Cybercrime legislation a backward step

Legislation to help foreign nations cooperate on fighting cybercrime is misguided and misses the point, according to the Asia-Pacific director of the Global Institute for Cyber Security and Research, Dr Craig Wright.

Speaking at Informa’s inaugural Cybercrime Symposium in Sydney today, Wright said that legislation was the worst thing Australia has ever done to fight against crimes committed online.

The key instrument in cooperating with other nations has been widely recognised as the Council of Europe’s Convention on Cybercrime.

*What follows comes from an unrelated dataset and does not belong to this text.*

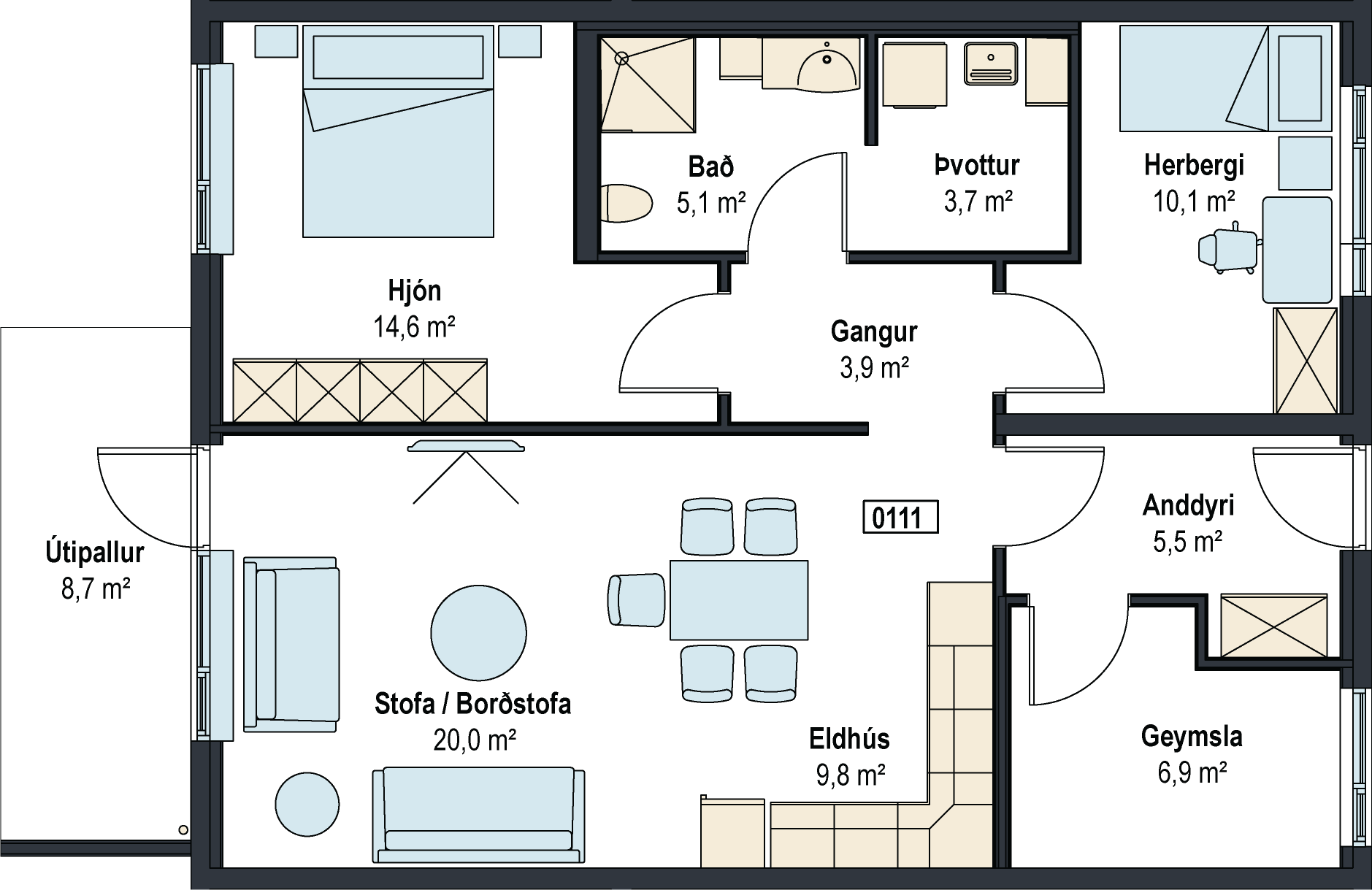 91m2· 3 herbergi

In order to accede to the convention, Australia passed the Cybercrime Legislation Amendment Bill 2011, but Wright criticised the legislation, stating that its provisions were too slow and that it failed to address the lack of open and transparent sharing of vulnerabilities.

While the convention is meant to help other nations by putting in place measures such as data retention, so that local evidence could be provided to foreign nations, Wright said that even if 90 per cent of the world’s nations participated, the process was too slow.

“It can be two years before we get information even with this Bill, which means forget it. Two years later, half the time people don’t have logs [and] everything is stale.”

He said that the legislation also doesn’t address the current culture of keeping vulnerabilities quiet, which he didn’t believe was stopping criminals from finding vulnerabilities.

“We have a lack of sharing. We like to think that keeping [vulnerabilities] from the bad guys is going to help us … [that] the bad guys won’t have the vulnerabilities, therefore they don’t do it. Well, guess what? They have them already.”

Furthermore, Wright said that there was a lack of technical consideration in Australia’s new legislation and that measures such as carriers being required to hold data could be easily bypassed due to the options available to sophisticated criminals.

“We say ‘Oh, we should start monitoring and tracking data and carriers should pay for this’. It sounds great in principle, until you realise that all we need to do is go to an SSL-enabled website and we can’t monitor anything that happens.”

Wright said that cybercrime should not have been considered separately to traditional crime, since fundamentally, it didn’t matter if the crime occurred online or not.

“Common law legislation is very wide. When we start putting legislation in place, what we do is block things into: only if it occurs this way or only if it occurs that way. It creates loopholes.

“The worst thing we did was create any cybercrime legislation at all. If we left it at theft, if we left it as fraud, it would have been far simpler because who cares whether a computer’s involved. At the end of the day, fraud is fraud, theft is theft.”

But while Wright disagreed with the effectiveness of the Bill, he did say that legislation did have its place.

“At the moment, here in Australia, sharing between states and federal police is terrible, let alone internationally. We all sit on our own information and won’t share it. So as soon as we start thinking about opening all of that up some way, we’ll actually be better. If we want legislation, it should be about opening data, not about how we punish people.”